RECORDED DATA:

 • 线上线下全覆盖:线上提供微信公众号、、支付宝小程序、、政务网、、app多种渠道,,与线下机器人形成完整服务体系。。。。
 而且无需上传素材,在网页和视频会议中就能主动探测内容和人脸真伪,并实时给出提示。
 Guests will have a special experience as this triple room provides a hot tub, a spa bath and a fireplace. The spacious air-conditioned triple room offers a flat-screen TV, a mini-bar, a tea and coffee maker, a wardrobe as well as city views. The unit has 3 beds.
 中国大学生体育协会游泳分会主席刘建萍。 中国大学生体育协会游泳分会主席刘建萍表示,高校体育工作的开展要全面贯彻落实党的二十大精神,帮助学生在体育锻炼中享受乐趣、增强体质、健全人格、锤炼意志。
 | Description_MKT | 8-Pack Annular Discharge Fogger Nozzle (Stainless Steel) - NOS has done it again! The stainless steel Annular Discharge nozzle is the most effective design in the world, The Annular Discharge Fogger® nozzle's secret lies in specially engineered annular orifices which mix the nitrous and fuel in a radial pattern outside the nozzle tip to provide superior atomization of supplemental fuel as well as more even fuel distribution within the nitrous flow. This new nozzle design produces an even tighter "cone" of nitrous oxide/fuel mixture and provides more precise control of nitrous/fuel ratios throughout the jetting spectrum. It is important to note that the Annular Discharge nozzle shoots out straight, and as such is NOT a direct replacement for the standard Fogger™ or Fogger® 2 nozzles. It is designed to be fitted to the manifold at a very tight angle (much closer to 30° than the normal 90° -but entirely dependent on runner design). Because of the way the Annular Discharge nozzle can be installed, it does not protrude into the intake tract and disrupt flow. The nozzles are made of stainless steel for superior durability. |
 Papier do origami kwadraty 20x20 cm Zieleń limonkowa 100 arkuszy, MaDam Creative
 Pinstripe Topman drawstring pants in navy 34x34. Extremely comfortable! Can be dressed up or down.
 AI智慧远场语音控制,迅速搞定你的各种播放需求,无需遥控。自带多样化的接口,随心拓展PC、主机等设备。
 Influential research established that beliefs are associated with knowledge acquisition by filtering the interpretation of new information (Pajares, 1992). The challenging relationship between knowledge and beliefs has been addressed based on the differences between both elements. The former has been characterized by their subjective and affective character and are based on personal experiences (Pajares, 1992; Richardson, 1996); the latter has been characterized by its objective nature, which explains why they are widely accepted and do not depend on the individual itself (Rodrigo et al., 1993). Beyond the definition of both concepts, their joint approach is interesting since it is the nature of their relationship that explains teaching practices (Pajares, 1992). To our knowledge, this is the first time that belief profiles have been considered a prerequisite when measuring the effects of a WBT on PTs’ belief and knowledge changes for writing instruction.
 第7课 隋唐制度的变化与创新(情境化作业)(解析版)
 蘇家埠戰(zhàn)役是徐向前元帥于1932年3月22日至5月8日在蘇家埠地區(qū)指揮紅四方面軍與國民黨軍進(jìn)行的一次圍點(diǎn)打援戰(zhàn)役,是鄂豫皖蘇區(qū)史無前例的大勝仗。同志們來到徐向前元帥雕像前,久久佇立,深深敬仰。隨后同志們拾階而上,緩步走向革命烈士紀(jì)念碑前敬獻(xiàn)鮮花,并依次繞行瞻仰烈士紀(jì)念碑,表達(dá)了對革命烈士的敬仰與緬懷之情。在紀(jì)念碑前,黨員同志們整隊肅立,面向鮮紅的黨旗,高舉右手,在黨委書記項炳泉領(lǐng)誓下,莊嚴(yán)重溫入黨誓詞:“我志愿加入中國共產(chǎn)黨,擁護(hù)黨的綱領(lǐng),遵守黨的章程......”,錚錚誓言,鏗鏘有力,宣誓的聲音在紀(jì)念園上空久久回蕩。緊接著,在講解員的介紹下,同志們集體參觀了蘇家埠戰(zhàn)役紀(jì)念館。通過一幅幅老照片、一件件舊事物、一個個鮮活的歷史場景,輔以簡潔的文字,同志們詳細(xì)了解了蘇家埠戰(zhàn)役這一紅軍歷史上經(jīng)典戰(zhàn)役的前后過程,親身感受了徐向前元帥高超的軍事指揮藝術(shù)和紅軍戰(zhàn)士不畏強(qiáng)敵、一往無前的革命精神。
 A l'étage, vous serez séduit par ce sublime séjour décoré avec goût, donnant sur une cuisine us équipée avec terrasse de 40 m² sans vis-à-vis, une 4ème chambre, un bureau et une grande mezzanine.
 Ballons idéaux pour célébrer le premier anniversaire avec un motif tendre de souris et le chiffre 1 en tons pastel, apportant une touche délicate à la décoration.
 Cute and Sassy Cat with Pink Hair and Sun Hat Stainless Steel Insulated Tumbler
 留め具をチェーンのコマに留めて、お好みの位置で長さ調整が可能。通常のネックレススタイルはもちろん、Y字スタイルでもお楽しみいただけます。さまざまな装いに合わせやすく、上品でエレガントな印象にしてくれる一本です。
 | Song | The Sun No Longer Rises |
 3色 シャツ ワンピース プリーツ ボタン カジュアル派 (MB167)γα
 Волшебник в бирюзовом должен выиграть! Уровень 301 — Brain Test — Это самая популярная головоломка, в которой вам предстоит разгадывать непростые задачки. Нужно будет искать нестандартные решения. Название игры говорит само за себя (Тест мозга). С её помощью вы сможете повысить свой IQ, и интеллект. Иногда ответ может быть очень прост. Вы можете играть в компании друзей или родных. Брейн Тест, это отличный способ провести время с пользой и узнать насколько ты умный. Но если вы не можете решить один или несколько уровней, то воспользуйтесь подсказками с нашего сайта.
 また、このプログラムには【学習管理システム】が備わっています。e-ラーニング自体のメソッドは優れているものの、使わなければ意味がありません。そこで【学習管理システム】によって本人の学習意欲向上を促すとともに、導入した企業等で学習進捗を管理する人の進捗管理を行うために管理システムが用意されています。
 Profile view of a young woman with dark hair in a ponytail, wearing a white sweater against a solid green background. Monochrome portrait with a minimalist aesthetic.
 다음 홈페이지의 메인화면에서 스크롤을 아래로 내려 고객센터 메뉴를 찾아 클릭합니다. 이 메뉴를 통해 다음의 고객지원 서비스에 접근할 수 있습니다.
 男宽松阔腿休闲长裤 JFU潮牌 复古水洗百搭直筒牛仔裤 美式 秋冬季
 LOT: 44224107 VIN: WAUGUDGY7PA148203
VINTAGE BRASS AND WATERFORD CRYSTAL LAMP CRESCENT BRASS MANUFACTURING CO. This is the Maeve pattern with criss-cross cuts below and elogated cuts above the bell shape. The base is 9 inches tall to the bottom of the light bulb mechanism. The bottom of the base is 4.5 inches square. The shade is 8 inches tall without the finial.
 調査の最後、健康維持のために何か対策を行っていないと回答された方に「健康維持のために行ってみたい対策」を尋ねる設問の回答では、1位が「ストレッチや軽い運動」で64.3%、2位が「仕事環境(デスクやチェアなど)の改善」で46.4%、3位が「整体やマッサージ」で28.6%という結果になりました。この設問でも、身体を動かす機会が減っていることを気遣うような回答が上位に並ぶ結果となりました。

TASK DESCRIPTION: Make a word-for-word copy of the records.

RESULT BELOW:
 • 线上线下全覆盖:线上提供微信公众号、、支付宝小程序、、政务网、、app多种渠道,,与线下机器人形成完整服务体系。。。。
 而且无需上传素材,在网页和视频会议中就能主动探测内容和人脸真伪,并实时给出提示。
 Guests will have a special experience as this triple room provides a hot tub, a spa bath and a fireplace. The spacious air-conditioned triple room offers a flat-screen TV, a mini-bar, a tea and coffee maker, a wardrobe as well as city views. The unit has 3 beds.
 中国大学生体育协会游泳分会主席刘建萍。 中国大学生体育协会游泳分会主席刘建萍表示,高校体育工作的开展要全面贯彻落实党的二十大精神,帮助学生在体育锻炼中享受乐趣、增强体质、健全人格、锤炼意志。
 | Description_MKT | 8-Pack Annular Discharge Fogger Nozzle (Stainless Steel) - NOS has done it again! The stainless steel Annular Discharge nozzle is the most effective design in the world, The Annular Discharge Fogger® nozzle's secret lies in specially engineered annular orifices which mix the nitrous and fuel in a radial pattern outside the nozzle tip to provide superior atomization of supplemental fuel as well as more even fuel distribution within the nitrous flow. This new nozzle design produces an even tighter "cone" of nitrous oxide/fuel mixture and provides more precise control of nitrous/fuel ratios throughout the jetting spectrum. It is important to note that the Annular Discharge nozzle shoots out straight, and as such is NOT a direct replacement for the standard Fogger™ or Fogger® 2 nozzles. It is designed to be fitted to the manifold at a very tight angle (much closer to 30° than the normal 90° -but entirely dependent on runner design). Because of the way the Annular Discharge nozzle can be installed, it does not protrude into the intake tract and disrupt flow. The nozzles are made of stainless steel for superior durability. |
 Papier do origami kwadraty 20x20 cm Zieleń limonkowa 100 arkuszy, MaDam Creative
 Pinstripe Topman drawstring pants in navy 34x34. Extremely comfortable! Can be dressed up or down.
 AI智慧远场语音控制,迅速搞定你的各种播放需求,无需遥控。自带多样化的接口,随心拓展PC、主机等设备。
 Influential research established that beliefs are associated with knowledge acquisition by filtering the interpretation of new information (Pajares, 1992). The challenging relationship between knowledge and beliefs has been addressed based on the differences between both elements. The former has been characterized by their subjective and affective character and are based on personal experiences (Pajares, 1992; Richardson, 1996); the latter has been characterized by its objective nature, which explains why they are widely accepted and do not depend on the individual itself (Rodrigo et al., 1993). Beyond the definition of both concepts, their joint approach is interesting since it is the nature of their relationship that explains teaching practices (Pajares, 1992). To our knowledge, this is the first time that belief profiles have been considered a prerequisite when measuring the effects of a WBT on PTs’ belief and knowledge changes for writing instruction.
 第7课 隋唐制度的变化与创新(情境化作业)(解析版)
 蘇家埠戰(zhàn)役是徐向前元帥于1932年3月22日至5月8日在蘇家埠地區(qū)指揮紅四方面軍與國民黨軍進(jìn)行的一次圍點(diǎn)打援戰(zhàn)役,是鄂豫皖蘇區(qū)史無前例的大勝仗。同志們來到徐向前元帥雕像前,久久佇立,深深敬仰。隨后同志們拾階而上,緩步走向革命烈士紀(jì)念碑前敬獻(xiàn)鮮花,并依次繞行瞻仰烈士紀(jì)念碑,表達(dá)了對革命烈士的敬仰與緬懷之情。在紀(jì)念碑前,黨員同志們整隊肅立,面向鮮紅的黨旗,高舉右手,在黨委書記項炳泉領(lǐng)誓下,莊嚴(yán)重溫入黨誓詞:“我志愿加入中國共產(chǎn)黨,擁護(hù)黨的綱領(lǐng),遵守黨的章程......”,錚錚誓言,鏗鏘有力,宣誓的聲音在紀(jì)念園上空久久回蕩。緊接著,在講解員的介紹下,同志們集體參觀了蘇家埠戰(zhàn)役紀(jì)念館。通過一幅幅老照片、一件件舊事物、一個個鮮活的歷史場景,輔以簡潔的文字,同志們詳細(xì)了解了蘇家埠戰(zhàn)役這一紅軍歷史上經(jīng)典戰(zhàn)役的前后過程,親身感受了徐向前元帥高超的軍事指揮藝術(shù)和紅軍戰(zhàn)士不畏強(qiáng)敵、一往無前的革命精神。
 A l'étage, vous serez séduit par ce sublime séjour décoré avec goût, donnant sur une cuisine us équipée avec terrasse de 40 m² sans vis-à-vis, une 4ème chambre, un bureau et une grande mezzanine.
 Ballons idéaux pour célébrer le premier anniversaire avec un motif tendre de souris et le chiffre 1 en tons pastel, apportant une touche délicate à la décoration.
 Cute and Sassy Cat with Pink Hair and Sun Hat Stainless Steel Insulated Tumbler
 留め具をチェーンのコマに留めて、お好みの位置で長さ調整が可能。通常のネックレススタイルはもちろん、Y字スタイルでもお楽しみいただけます。さまざまな装いに合わせやすく、上品でエレガントな印象にしてくれる一本です。
 | Song | The Sun No Longer Rises |
 3色 シャツ ワンピース プリーツ ボタン カジュアル派 (MB167)γα
 Волшебник в бирюзовом должен выиграть! Уровень 301 — Brain Test — Это самая популярная головоломка, в которой вам предстоит разгадывать непростые задачки. Нужно будет искать нестандартные решения. Название игры говорит само за себя (Тест мозга). С её помощью вы сможете повысить свой IQ, и интеллект. Иногда ответ может быть очень прост. Вы можете играть в компании друзей или родных. Брейн Тест, это отличный способ провести время с пользой и узнать насколько ты умный. Но если вы не можете решить один или несколько уровней, то воспользуйтесь подсказками с нашего сайта.
 また、このプログラムには【学習管理システム】が備わっています。e-ラーニング自体のメソッドは優れているものの、使わなければ意味がありません。そこで【学習管理システム】によって本人の学習意欲向上を促すとともに、導入した企業等で学習進捗を管理する人の進捗管理を行うために管理システムが用意されています。
 Profile view of a young woman with dark hair in a ponytail, wearing a white sweater against a solid green background. Monochrome portrait with a minimalist aesthetic.
 다음 홈페이지의 메인화면에서 스크롤을 아래로 내려 고객센터 메뉴를 찾아 클릭합니다. 이 메뉴를 통해 다음의 고객지원 서비스에 접근할 수 있습니다.
 男宽松阔腿休闲长裤 JFU潮牌 复古水洗百搭直筒牛仔裤 美式 秋冬季
 LOT: 44224107 VIN: WAUGUDGY7PA148203
VINTAGE BRASS AND WATERFORD CRYSTAL LAMP CRESCENT BRASS MANUFACTURING CO. This is the Maeve pattern with criss-cross cuts below and elogated cuts above the bell shape. The base is 9 inches tall to the bottom of the light bulb mechanism. The bottom of the base is 4.5 inches square. The shade is 8 inches tall without the finial.
 調査の最後、健康維持のために何か対策を行っていないと回答された方に「健康維持のために行ってみたい対策」を尋ねる設問の回答では、1位が「ストレッチや軽い運動」で64.3%、2位が「仕事環境(デスクやチェアなど)の改善」で46.4%、3位が「整体やマッサージ」で28.6%という結果になりました。この設問でも、身体を動かす機会が減っていることを気遣うような回答が上位に並ぶ結果となりました。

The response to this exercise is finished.